# gaslow cylinder problems - an update



## peejay (May 10, 2005)

Having had problems in cold conditions with my gaslow cylinder, a problem also encountered by another forum member (jacqui), I took the liberty of ringing gaslow last week and was forwarded a copy of the email sent to jacqui, see her original post here -

http://www.motorhomefacts.com/postlite4117-lpg.html

Further to this, I asked gaslow for a verbal update on the situation. Richard Glazebrook, the MD of gaslow was abroad at the time and unavailable, but I was assured a reply on his return.

Today 7 feb 05 I received a phone call as promised from Richard with an update:-

After many enquiries to the relevant authorities for lpg on the continent he can confirm that as suggested by some members on jacqui's original post that it is standard practice for a mix of propane/butane on garage forecourts abroad. This problem is apparently either a way of using up surplus butane or possibly a cost cutting measure as butane is cheaper than propane. This is not a problem in the UK as the majority of the fuel here is propane with minimal butane added (if any).

Normal road vehicles using lpg tanks do not suffer any problems as they operate a 'liquid take off' arrangement causing no problems with the mix in the cold. lpg bottles use a 'vapour take off' and this is the problem as butane doesn't vaporize at low temperatures so it can't get out of the bottle in these conditions.

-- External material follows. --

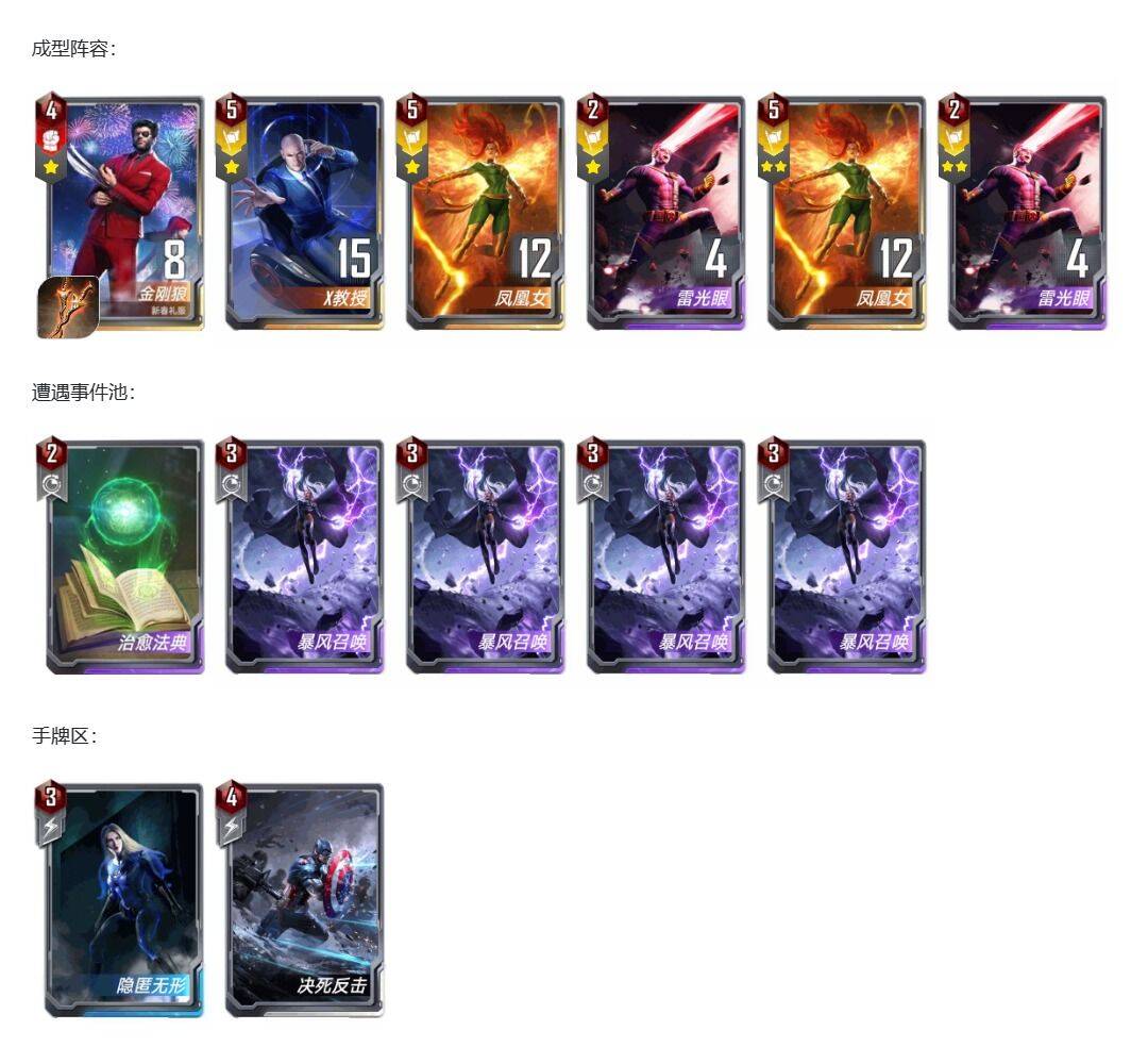 x教授:1张,爆发的薪材;优先觉醒x教授,稳定搜索x战警核心牌;1张即可,多了卡手,会卡住x教授的感召,降低找到其他x战警核心牌的概率;视情况扔掉,比如打决赛时。

There are 2 possible solutions being evaluated by gaslow at the moment;

1. He has sourced (from Japan I think) a disposable heating wrap that operates on a chemical reaction process (similar to those emergency light sticks you crack open to operate) and will heat the cylinder sufficiently for up to 12 hrs at low cost (somewhere around the £2 mark). The idea being, the propane runs out (with an amount of butane left in the bottle), you then enable the heated wrap and burn off the excess butane before refilling the bottle. This solution would possibly be of interest if power consumption was an issue as it consumes no 12volt or mains power.

2. He is also looking into the feasibility of a low power 12volt wrap but this would be more expensive and there would more reliance on power than the previous option, probably no good if you wildcamp in these conditions or simply don't have access to mains electric or have insufficient battery power.

It is stressed that this should only be an issue for motorhomers spending extended periods in sub zero conditions. Normal winter holidays shouldn't present a problem as it's after repeated refilling and the resulting gradual reduction in bottle capacity that causes the problem.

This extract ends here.